本発明で用いるカタクリ(Erythronium)属植物は、ユリ科(Liliaceae)に属する多年草であり、カタクリ(Erythronium japonicum Decne.)、Erythronium americanum Ker-Gawl.、キバナカタクリ(Erythronium grandiflorum Pursh.)、Erythronium caucasicum Woronow、Erythronium oregonum Applegate、Erythronium sibiricum (Fisch. et C.A.Mey.)Krylov等が挙げられる。これらのカタクリ属植物の中でも、カタクリ(Erythronium japonicum Decne.)は、日本全国に広く分布し、その鱗茎は古くから良質なデンプン源として利用され、また、地上部は山菜として食されており、食経験の豊かな植物であるため、好ましく用いられる。
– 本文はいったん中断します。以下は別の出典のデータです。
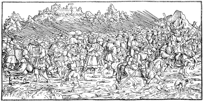 The Allgaeu peasants had, after the departure of Truchsess, renewed their campaign against the monasteries and castles and were using repressive measures in retaliation for the devastations caused by the Union army. They were confronted by few troops which braved only insignificant skirmishes, not being able to follow them into the woods. In June, a movement against the honourables started in Memmingen which had hitherto remained more or less neutral, and only the accidental nearness of some Union troops which came in time to the rescue of the nobility, made its suppression possible. Schapelar, the preacher and leader of the plebeian movement, fled to St. Gallen. The peasants appeared before the city and were about to start firing to break a gap, when they learned of the approach of Truchsess on his way from Wuerzburg. On June 27 they started against him, in two columns, over Babenhausen and Oberguenzburg. Archduke Ferdinand again attempted to win over the peasants to the House of Austria. Citing the armistice concluded with the peasants, he demanded of Truchsess to march no further against them. The Suabian Union, however, ordered Truchsess to attack them, but to refrain from pillaging and burning. Truchsess, however, was too clever to relinquish his primary and most effective means of battle, even were he in a position to keep in order the Lansquenets whom he had led between Lake Constance and the Main from one excess to another. The peasants took a stand behind the Iller and the Luibas, about 23,000 in number. Truchsess opposed them with 11,000. The positions of both armies were formidable. The cavalry could not operate on the territory that lay ahead, and if the Truchsess Lansquenets were superior to the peasants in organisation, military resources and discipline, the Allgaeu peasants counted in their ranks a host of former soldiers and experienced commanders and possessed numerous well-manned cannon. On July 19, the armies of the Suabian Union opened a cannonade which was continued on every side on the 20th, but without result. On July 21, Georg von Frundsberg joined Truchsess with 300 Lansquenets. He knew many of the peasant commanders who had served under him in the Italian military expeditions and he entered into negotiations with them. Where military resources were insufficient, treason succeeded. Walter Bach and several other commanders and artillerymen sold themselves. They set fire to the powder store of the peasants and persuaded the troops to make an enveloping movement, but as soon as the peasants left their strong position they fell into the ambush placed by Truchsess in collusion with Bach and the other traitors. They were less capable of defending themselves since their traitorous commanders had left them under the pretext of reconnoitering and were already on their way to Switzerland. Thus two of the peasant camps were entirely disrupted. The third, under Knopf of Luibas, was still in a position to withdraw in order. It again took its position on the mountain of Kollen near Kampten, where it was surrounded by Truchsess. The latter did not dare to attack these peasants, but he cut them off from all supplies, and tried to demoralise them by burning about 200 villages in the vicinity. Hunger, and the sight of their burning homes, finally brought the peasants to surrender (July 25). More than twenty were immediately executed. Knopf of Luibas, the only leader of this troop who did not betray his banner, fled to Biegenz. There he was captured, however, and hanged, after a long imprisonment.

本発明において、カタクリ属植物(以下、単に「カタクリ」と記載する)の組織培養の材料として用いる「超未熟種子」とは、閉花後5~10日、好ましくは7~8日の子房内の未熟胚珠をいい、その大きさは縦長約2~4mm、横幅約1~2mmである。
カタクリの上記未熟胚珠(超未熟種子)は、通常は殺菌処理を施してから使用される。例えば、カタクリの未熟胚珠を100%アルコールで消毒した後、次亜塩素酸ナトリウム溶液などで殺菌処理し、その後、滅菌水で洗浄したものを用いる。
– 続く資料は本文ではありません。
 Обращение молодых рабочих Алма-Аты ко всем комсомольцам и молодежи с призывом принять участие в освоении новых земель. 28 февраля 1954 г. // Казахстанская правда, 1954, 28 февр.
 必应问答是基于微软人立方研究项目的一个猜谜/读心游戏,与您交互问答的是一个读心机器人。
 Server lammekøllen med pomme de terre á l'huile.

「不定胚」とは、受精卵と同様な形態変化の過程をとって植物の体細胞から生ずる一種の胚であって、胚様体(embryoid)とも称し、根、子葉、胚軸を備えた完全な植物体にまで発育しうる能力を有するものをいう。特に、本発明における不定胚は、カルスを経由せずに誘導されることを特徴とする。また、多数の不定胚を含む組織も形成される。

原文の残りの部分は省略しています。